I want to perform analysis and comparison in two groups (4 samples in one group and 3 soil samples in other) from two completely different experiments.
Best regards,
Ashis

I have also tried importing with the tutorial “Importing data>Casava 1.8 paired-end demultiplexed fastq” (URL: https://docs.qiime2.org/2019.7/tutorials/importing/#sequence-data-with-sequence-quality-information-i-e-fastq) for my set of R1 and R2, it generated following error:

"There was a problem importing casava-18-paired-end-demultiplexed:

Missing one or more files for CasavaOneEightSingleLanePerSampleDirFmt: ‘.+_.+_L[0-9][0-9][0-9]_R[12]_001\.fastq\.gz’".

Hi @ashisroybarman.
Since you have a separate forward and reverse file for each sample, these reads have already been demultiplexed, and from the looks of your reads the facility has already removed primers and barcodes from your reads. They have left the barcodes on line 1 of your reads files for reference. How nice of them. That means you don’t need to worry about any of that stuff, so you can simply import your reads and follow along one of the many tutorials in qiime2. I recommend starting with the moving pictures tutorial. As for importing, you’re going to want to use the manifest-format import, the CasavaOne format only works if the name of your fastq files follows the CasavaOne convention. If you’re not sure, just use the manifest instead, then there’s no restrictions on naming. Hope this help, I know when starting things can seem tedious but it does get much much easier as you start understanding the basic concepts. Good luck!

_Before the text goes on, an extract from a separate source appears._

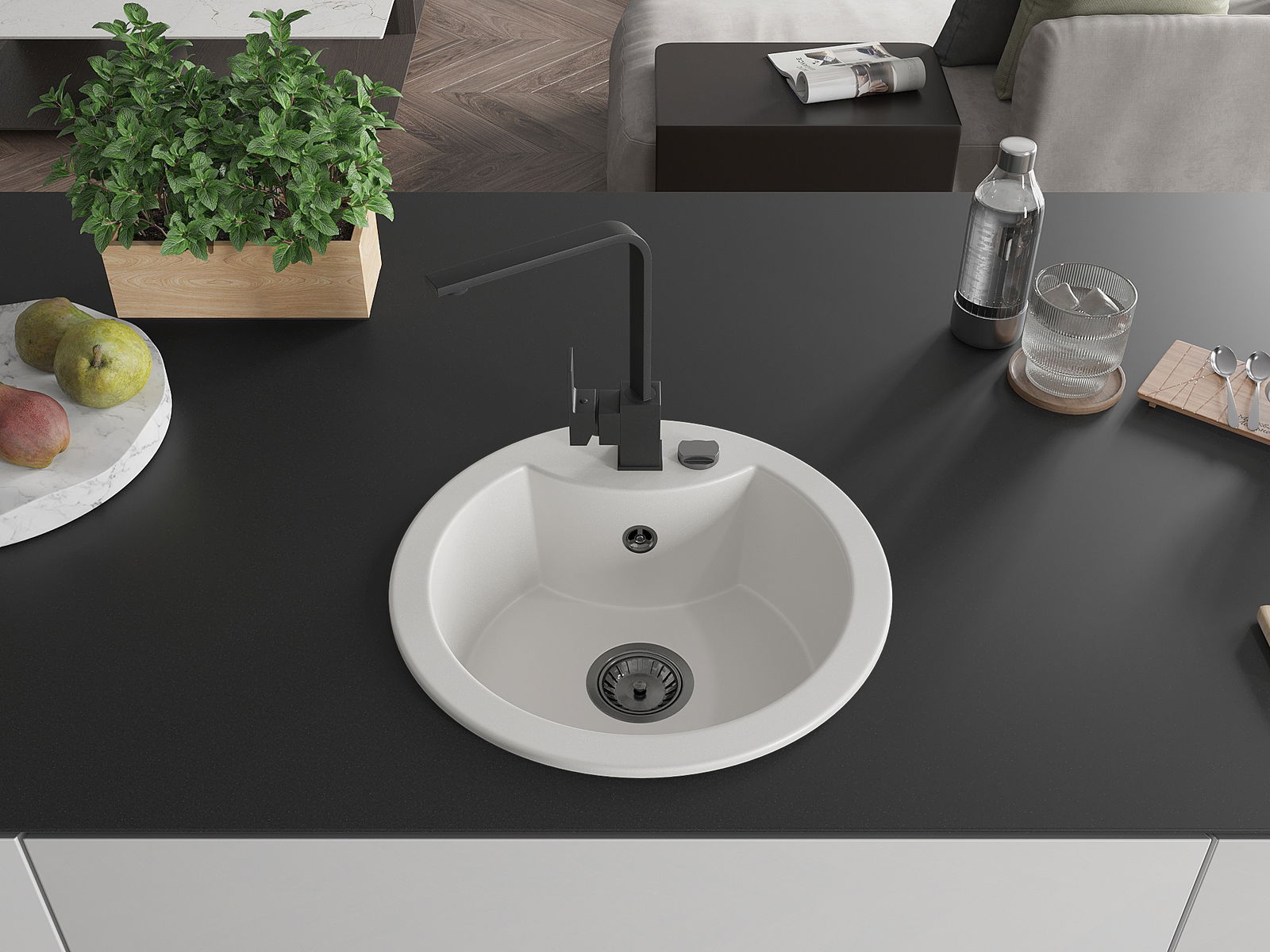 A mosogató magas minőségű gránitból készült. Elegáns, de mindenekelőtt praktikus kiegészítője minden konyhának, függetlenül annak stílusától. A gránit magas minősége és tartóssága hosszú távú használatot biztosít.

A post was split to a new topic: Need help importing a manifest format

Hi Mehrbod_Estaki,
Thank you for your valuable suggestions.

1 Like

Hello, so I am new to qiime2 and I have the qiime2-2019.7 on Linux platform. At the moment, I have of forward and reverse fastq files for my samples in two batches. Though I have gone through the moving pictures tutorial, I still have problem importing my fastq files and the metadata.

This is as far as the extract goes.